Give back the entries exactly as they read, leaving each image out.

Stored data:
--- START ---

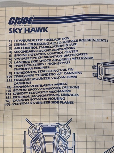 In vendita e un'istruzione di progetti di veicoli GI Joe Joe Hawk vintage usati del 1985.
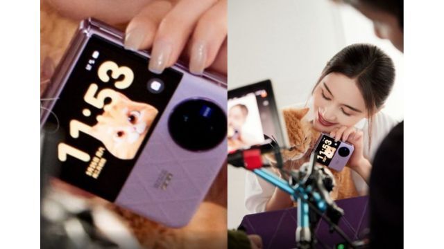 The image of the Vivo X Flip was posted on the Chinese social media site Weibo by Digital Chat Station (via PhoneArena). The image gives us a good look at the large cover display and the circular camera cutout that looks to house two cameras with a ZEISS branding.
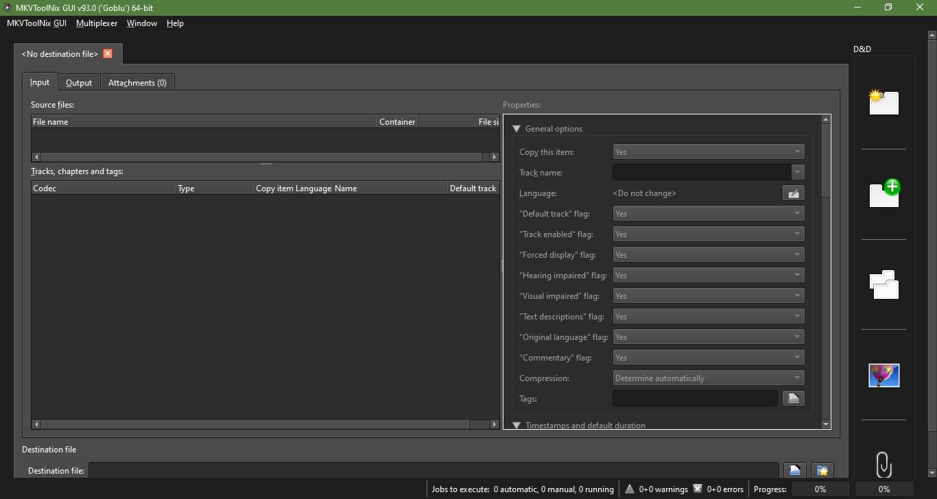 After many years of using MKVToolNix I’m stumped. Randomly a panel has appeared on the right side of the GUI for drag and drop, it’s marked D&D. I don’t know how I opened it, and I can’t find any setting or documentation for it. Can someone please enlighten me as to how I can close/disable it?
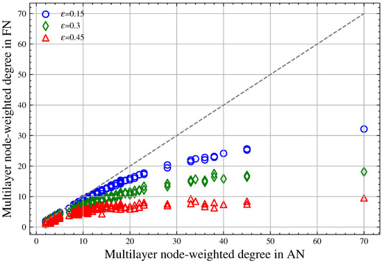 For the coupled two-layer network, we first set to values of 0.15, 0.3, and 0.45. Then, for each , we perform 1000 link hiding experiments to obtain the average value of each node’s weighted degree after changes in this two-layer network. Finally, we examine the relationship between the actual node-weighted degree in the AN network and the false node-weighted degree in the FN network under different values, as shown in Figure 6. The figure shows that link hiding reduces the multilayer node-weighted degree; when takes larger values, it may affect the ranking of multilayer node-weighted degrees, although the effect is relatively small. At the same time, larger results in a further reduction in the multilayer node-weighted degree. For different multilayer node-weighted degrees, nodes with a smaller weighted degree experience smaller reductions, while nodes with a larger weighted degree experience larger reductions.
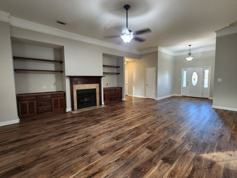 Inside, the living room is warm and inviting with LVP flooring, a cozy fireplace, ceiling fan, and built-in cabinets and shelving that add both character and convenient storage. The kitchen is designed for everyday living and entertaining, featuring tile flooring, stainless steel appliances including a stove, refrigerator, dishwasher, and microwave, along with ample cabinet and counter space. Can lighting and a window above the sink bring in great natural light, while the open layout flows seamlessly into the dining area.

--- END ---

- **Worked solution**:
 In vendita e un'istruzione di progetti di veicoli GI Joe Joe Hawk vintage usati del 1985.
 The image of the Vivo X Flip was posted on the Chinese social media site Weibo by Digital Chat Station (via PhoneArena). The image gives us a good look at the large cover display and the circular camera cutout that looks to house two cameras with a ZEISS branding.
 After many years of using MKVToolNix I’m stumped. Randomly a panel has appeared on the right side of the GUI for drag and drop, it’s marked D&D. I don’t know how I opened it, and I can’t find any setting or documentation for it. Can someone please enlighten me as to how I can close/disable it?
 For the coupled two-layer network, we first set to values of 0.15, 0.3, and 0.45. Then, for each , we perform 1000 link hiding experiments to obtain the average value of each node’s weighted degree after changes in this two-layer network. Finally, we examine the relationship between the actual node-weighted degree in the AN network and the false node-weighted degree in the FN network under different values, as shown in Figure 6. The figure shows that link hiding reduces the multilayer node-weighted degree; when takes larger values, it may affect the ranking of multilayer node-weighted degrees, although the effect is relatively small. At the same time, larger results in a further reduction in the multilayer node-weighted degree. For different multilayer node-weighted degrees, nodes with a smaller weighted degree experience smaller reductions, while nodes with a larger weighted degree experience larger reductions.
 Inside, the living room is warm and inviting with LVP flooring, a cozy fireplace, ceiling fan, and built-in cabinets and shelving that add both character and convenient storage. The kitchen is designed for everyday living and entertaining, featuring tile flooring, stainless steel appliances including a stove, refrigerator, dishwasher, and microwave, along with ample cabinet and counter space. Can lighting and a window above the sink bring in great natural light, while the open layout flows seamlessly into the dining area.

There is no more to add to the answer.